The Impact of Holiday Cracker Puns Affect Our Brains?
"What was the price did Santa's sleigh cost? Nothing, it was on the house."
This quip is met by groans that resonate through a warehouse in London.
We're at a joke-testing meeting with a company that makes products for gatherings. Its catalogue features Christmas crackers.
The firm's founder smiles, nearly sheepishly at the gag. But the joke has made the cut and will feature in future crackers.
"The success is gauged by the gag by the volume of moans and the loudness of the groans around the table," she explains.
The secret to a great holiday cracker pun is not the same as a stand-up gag per se. It is entirely about the setting - in this case, the shared amusement of the holiday dinner table with elders, children and potentially neighbours.
"You want the gag to be a thing that unites the child in harmony with the grandparent," she adds.
The Science Behind Shared Laughter
Gathering to experience shared amusement is not only nothing new, experts argue, it is probably to be pre-human.
"Therefore when you are laughing with people around the Christmas table you are dropping into what's almost certainly a really ancient mammal social sound," explains a neuroscience expert.
Communal amusement, she says, helps make and maintain social bonds between people.
Scientists have found that a absence of such social exchanges can significantly harm mental and physical well-being.
"The people you converse with, and laugh with, it leads to increased levels of 'happy chemical' release," she adds.
Endorphins are the brain's "happy chemicals" and are produced both to alleviate stress and pain and in reaction to enjoyable activities, such as chuckling with friends over a particularly terrible festive cracker gag.
"You're not just laughing at a silly pun with a holiday cracker," she states. "You are actually performing a lot of the really vital task of making, maintaining the connections you have with the people you love."
Which Happens In the Mind?
But what is actually happening within the mind when we hear a gag?
An awful lot occurs in reaction to humour, it transpires.
Employing functional magnetic resonance imaging (fMRI), a kind of brain scanner which shows which areas of the mind are working harder, researchers have been able to map the areas that get more blood flow.
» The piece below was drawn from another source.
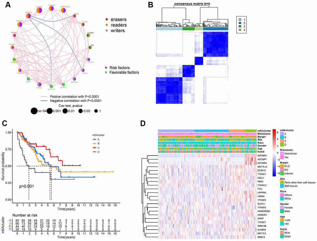 The m6A regulator network describes the association between the 23 m6A regulators, their interactions, and their prognostic significance in patients with sarcoma (Figure 3A). The results of the m6A regulatory network indicate that the interaction between writers, readers, and erasers may play unique roles in the formation of different m6A regulator expression patterns and affect the prognosis of patients with sarcoma [21, 22]. We used non-negative matrix factorization (NMF) consistent clustering to classify the sarcoma samples and identified four m6A modification clusters (Figure 3B and Supplementary Figure 3A–3J), namely, m6A-cluster-A, m6A-cluster-B, m6A-cluster-C, and m6A-cluster-D. K-M analysis showed that m6A-cluster-C had a significant survival advantage, while m6A-cluster-D showed a poor prognosis (Figure 3C). A heat map showed the differential expression patterns of 23 m6A regulators in four different m6A modification clusters (Figure 3D).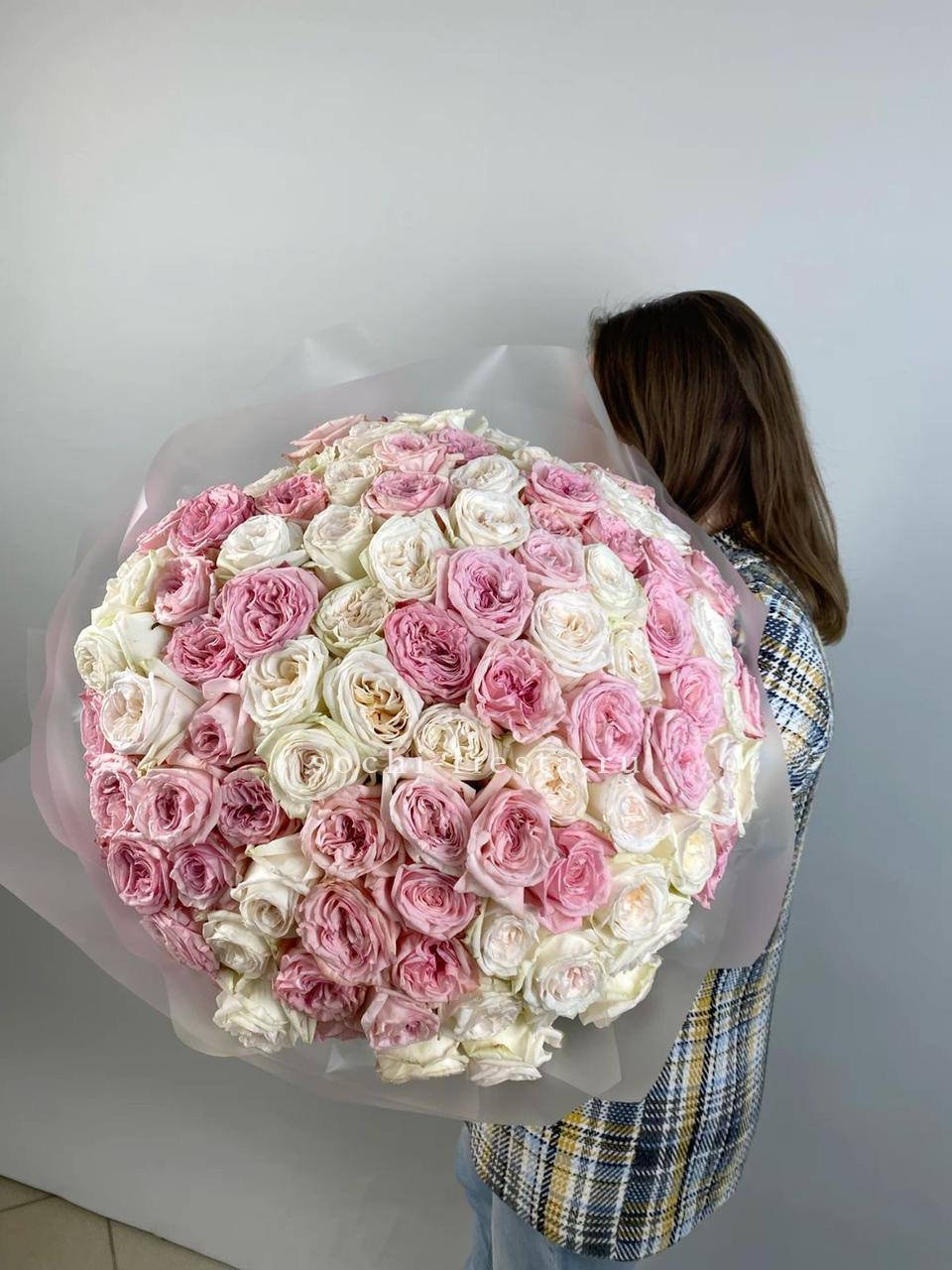 Семьдесят пять роз O'Hara формируют объемную композицию с плотно набитыми бутонами. Классическая подача под ленту сохраняет чистоту формы и выразительность каждого цветка.

The research entails imaging the brains of volunteer subjects and then exposing them to a collection of humorous words, accompanied by either a non-emotional sound, or recorded laughter.
"During the study we got a really fascinating activation pattern of activation," says the neuroscientist.
A gag stimulates not just the areas of the mind responsible for hearing and understanding speech, but also neural regions associated with both planning and starting motion and those involved in vision and recall.
Combine all of this as a whole, and individuals listening to a joke have a sophisticated series of neural responses that support the laughter we hear.
The Contagious Power of Chuckles
Researchers discovered that when a funny phrase is paired with laughter there is a stronger reaction in the brain than the same phrase when followed by a non-emotional sound.
"This was in areas of the mind that you would employ to move your face into a grin or a chuckle," the professor explains.
It indicates people are not just responding to funny words, they are reacting to the amusement that accompanies them.
Laughter, says the professor, can be contagious.
So what does this imply for the chuckles heard at a Christmas table?
"You laugh more when you are familiar with people," she says, "and you laugh more when you like them or love them."
When it comes to Christmas cracker puns, she explains, the feel-good effect is more likely to be caused not by the gag in itself, but from the reaction to it.
"It's the laughter. The joke is the terrible Christmas cracker joke, and it's just a reason to laugh as a group."
The Search for the Ideal Cracker Joke
Will we ever discover the perfect gag?
Likely not, but that has not prevented experts from trying to.
Years ago, a professor set up a research project for the world's most humorous joke.
Over tens of thousands of jokes later, with scores lodged by hundreds of thousands of participants around the world, he has a better understanding than many as to what works and what does not.
The perfect Christmas cracker pun must be brief, he says.
"But they also be bad jokes, puns that cause us to moan," he continues.
The more "awful" the joke, he states the more effective.
"This is because if nobody finds it funny – it's the gag's shortcoming, not yours.
"What's interesting about the holiday cracker puns is that not one person considers them funny.
"It creates a shared moment at the table and I think it's lovely."